Hi all, I'm 37 and was just diagnosed stage IV de novo a few weeks ago. I'm married, but no kids. I'm still in shock, but these boards have been invaluable in helping me start this journey.

Tinyturtle, my heart aches for you and your loved ones. I have a coworker who was diagnosed with MS in his 30's back in the late nineties. While he has been slowly deteriorating physically, he is still able to walk unassisted and work a full time job twenty years later. There's no guarantee that your friend will, but there is a lot of hope.

As far as social security, have you looked into their "Trial Work" period? This would allow you to go back to work for 9 months out of every 5 year period without losing your social security benefits. The nine months do not have to be consecutive, and months in which you make less than a certain amount do not count.

Becs, hugs. You've been picked by nature's unfair lottery to carry a much heavier burden than most, and I'm hoping that treatments will make it easier to carry and allow you to continue for a long way. I know what you mean about wanting to outlive your parents. There are days where I feel almost relief that my parents are both gone and I don't have to tell them that I, too, will probably go before my time.
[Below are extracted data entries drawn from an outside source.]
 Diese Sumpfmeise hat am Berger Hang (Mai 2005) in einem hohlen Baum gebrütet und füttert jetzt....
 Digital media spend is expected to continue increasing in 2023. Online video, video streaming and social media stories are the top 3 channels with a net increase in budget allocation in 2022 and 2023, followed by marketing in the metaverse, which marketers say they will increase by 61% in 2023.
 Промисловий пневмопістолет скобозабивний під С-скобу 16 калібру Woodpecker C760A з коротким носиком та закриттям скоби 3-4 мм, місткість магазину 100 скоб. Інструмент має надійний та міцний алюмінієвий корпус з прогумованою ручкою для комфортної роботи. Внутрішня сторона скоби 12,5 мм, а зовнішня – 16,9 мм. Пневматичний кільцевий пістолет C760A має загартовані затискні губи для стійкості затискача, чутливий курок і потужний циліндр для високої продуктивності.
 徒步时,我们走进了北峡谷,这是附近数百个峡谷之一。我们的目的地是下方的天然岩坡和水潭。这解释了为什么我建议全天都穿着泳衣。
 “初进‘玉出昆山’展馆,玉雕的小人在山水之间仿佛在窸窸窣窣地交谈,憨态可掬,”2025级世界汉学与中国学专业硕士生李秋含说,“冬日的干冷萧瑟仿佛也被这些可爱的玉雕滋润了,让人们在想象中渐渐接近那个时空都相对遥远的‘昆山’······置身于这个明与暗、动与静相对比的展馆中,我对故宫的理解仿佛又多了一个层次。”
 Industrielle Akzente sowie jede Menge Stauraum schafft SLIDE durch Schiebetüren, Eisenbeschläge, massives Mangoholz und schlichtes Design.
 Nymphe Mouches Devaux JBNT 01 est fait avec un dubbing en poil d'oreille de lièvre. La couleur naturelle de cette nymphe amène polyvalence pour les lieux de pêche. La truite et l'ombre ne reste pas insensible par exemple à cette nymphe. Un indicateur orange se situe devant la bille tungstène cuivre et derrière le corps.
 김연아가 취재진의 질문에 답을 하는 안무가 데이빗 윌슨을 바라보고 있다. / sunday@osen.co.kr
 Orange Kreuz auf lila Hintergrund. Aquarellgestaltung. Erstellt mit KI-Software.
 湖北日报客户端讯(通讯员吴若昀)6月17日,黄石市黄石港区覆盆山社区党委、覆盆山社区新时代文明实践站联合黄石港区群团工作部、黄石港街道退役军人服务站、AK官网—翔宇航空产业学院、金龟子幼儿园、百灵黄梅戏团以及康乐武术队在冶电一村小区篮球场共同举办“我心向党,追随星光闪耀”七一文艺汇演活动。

Netta and JFL, I feel similarly about being caught between family, career and personal wishes. I made a big career switch a year ago, at the age of 41. Even though it entailed longer hours and a smaller paycheck, it opened the doors to exciting opportunities down the road. A week before I found the lump that was going to turn into a stage IV diagnosis I had an admissions interview with a top 5 law school. I had already been accepted to a few smaller schools, including a part time program, but this was my dream come true school. I was on top of the world.
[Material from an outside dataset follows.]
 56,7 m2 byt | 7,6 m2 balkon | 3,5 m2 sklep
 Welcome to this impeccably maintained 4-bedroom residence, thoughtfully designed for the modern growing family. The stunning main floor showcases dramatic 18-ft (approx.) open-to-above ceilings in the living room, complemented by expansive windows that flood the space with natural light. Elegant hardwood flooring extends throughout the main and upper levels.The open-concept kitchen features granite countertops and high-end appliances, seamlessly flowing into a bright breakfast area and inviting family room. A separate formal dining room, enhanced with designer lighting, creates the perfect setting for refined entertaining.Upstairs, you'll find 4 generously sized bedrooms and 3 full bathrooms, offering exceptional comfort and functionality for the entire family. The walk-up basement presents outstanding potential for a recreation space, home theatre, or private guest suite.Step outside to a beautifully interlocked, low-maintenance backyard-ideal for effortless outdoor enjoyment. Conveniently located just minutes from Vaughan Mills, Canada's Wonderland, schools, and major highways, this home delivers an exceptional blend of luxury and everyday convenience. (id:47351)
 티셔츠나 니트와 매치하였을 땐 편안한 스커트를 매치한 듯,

Now I don't know. I feel like Tom Brady when he got sacked by the Eagles - arm still tense, throwing hard the ball of air that was left in his hand after someone had knocked the real ball away. I think that if I got admitted to that school a big part of me would still want to go. I don't think I'm ready to fully admit that the me who "could do it all" is no longer there, even though I look and act largely the same. I want so much to hold onto the part of me that's not a cancer patient and make decisions as if I will still be around ten years down the road. But on the other hand, is this personal dream worth the hard work and time not spent with my family and the vacations not taken if I can't count on what comes after? Is it fair to my husband and little girl? Could I even do it, with the fatigue and the appointments and the constant threat that I might be dead or very, very ill before I get to take the bar? Wouldn't it be nice to just rest instead? Would that feel like I'm just waiting to die?

I know you ladies can't answer this question for me. And it frustrates the heck out of me that I can't, either. At least not yet.
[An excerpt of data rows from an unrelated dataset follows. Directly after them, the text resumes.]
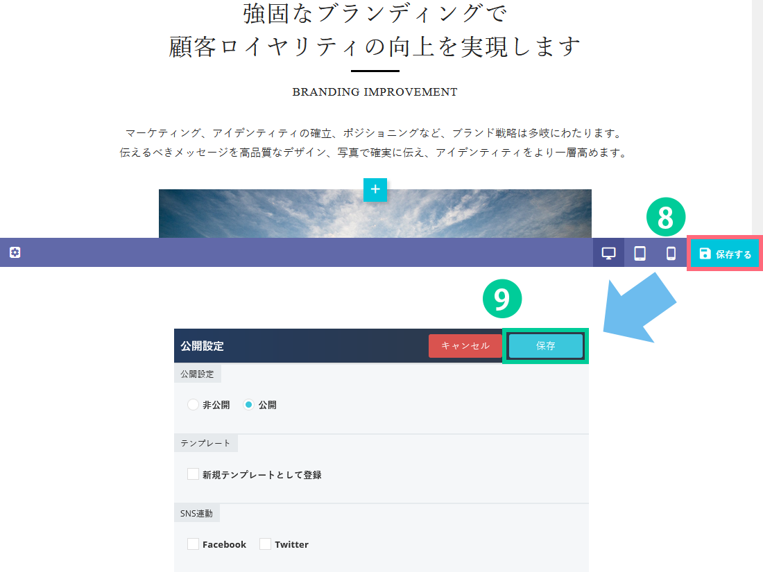 8.「保存する」ボタンをクリックします。 9.ポップアップが表示されるので再度「保存」ボタンをクリックします。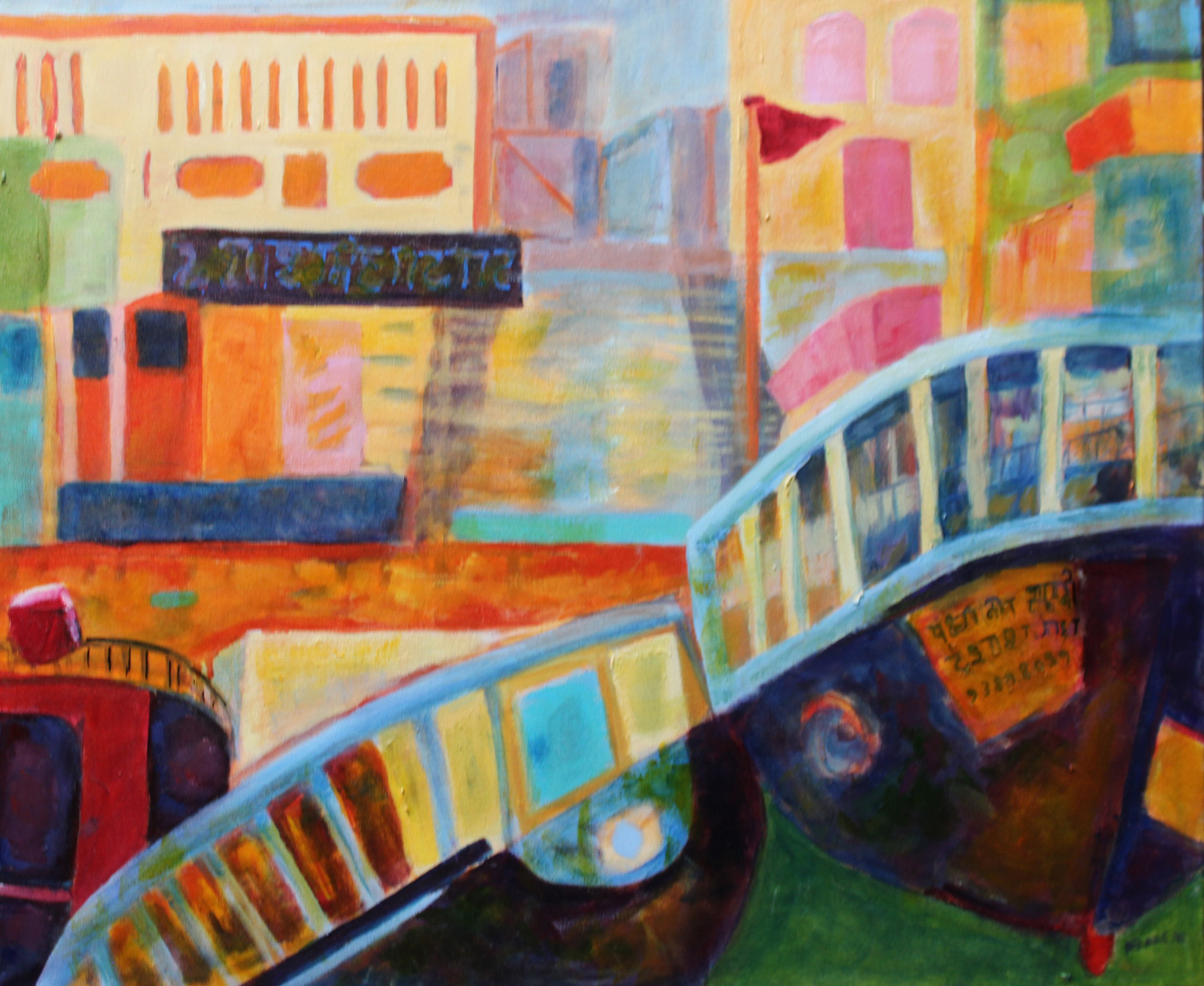 This Varanasi abstract landscape painting was inspired by a visit to India in December/January.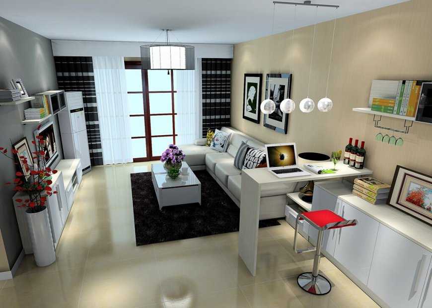 В квартирах, где кухня и гостиная объединены, такая стойка может стать незаменимым элементам обустройства и зонирования. Обычно более низкую сторону устанавливают со стороны кухни, а высокую — со стороны гостиной.
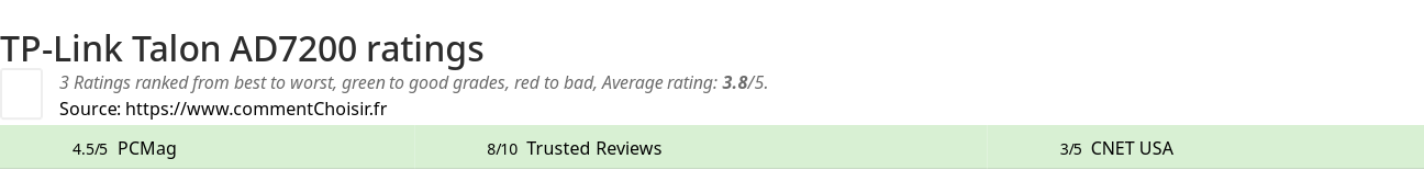 Theses reviews and tests from Network magazines and websites give 3 ratings, we get this average rating to this TP-Link product : 3.7/5.

Piggy99: After having stayed at home for 6 months following my de novo stage 4 dx, I have recently decided a apply for a rehab to improve my physical and mental fitness. Afterwards, I will go back into my job as it feels arkward not to be working any more. However, I will not go back full-time, because I do not have the strength to do so and need some rest after lunch. And - most importantly - I want to spend more time with my kids. I want to create as many memories for them on how mummy was as I can to give them something to cling to later on. But since they are in school during the morning anyways, I may as well use this time doing something useful, which in my case is working (I work in a pharma company and ensure that new medication is transferred to large-scale production lines before applying for approval, so it is actually a job that other people truely benefit from, which is one of my purpose-of-life puzzle pieces). I really hope that you will find your right path as to how to re-arrange your life as well. And I certainly hope for all of us that our treatment will be long lasting to make us live our decisions for quite some time.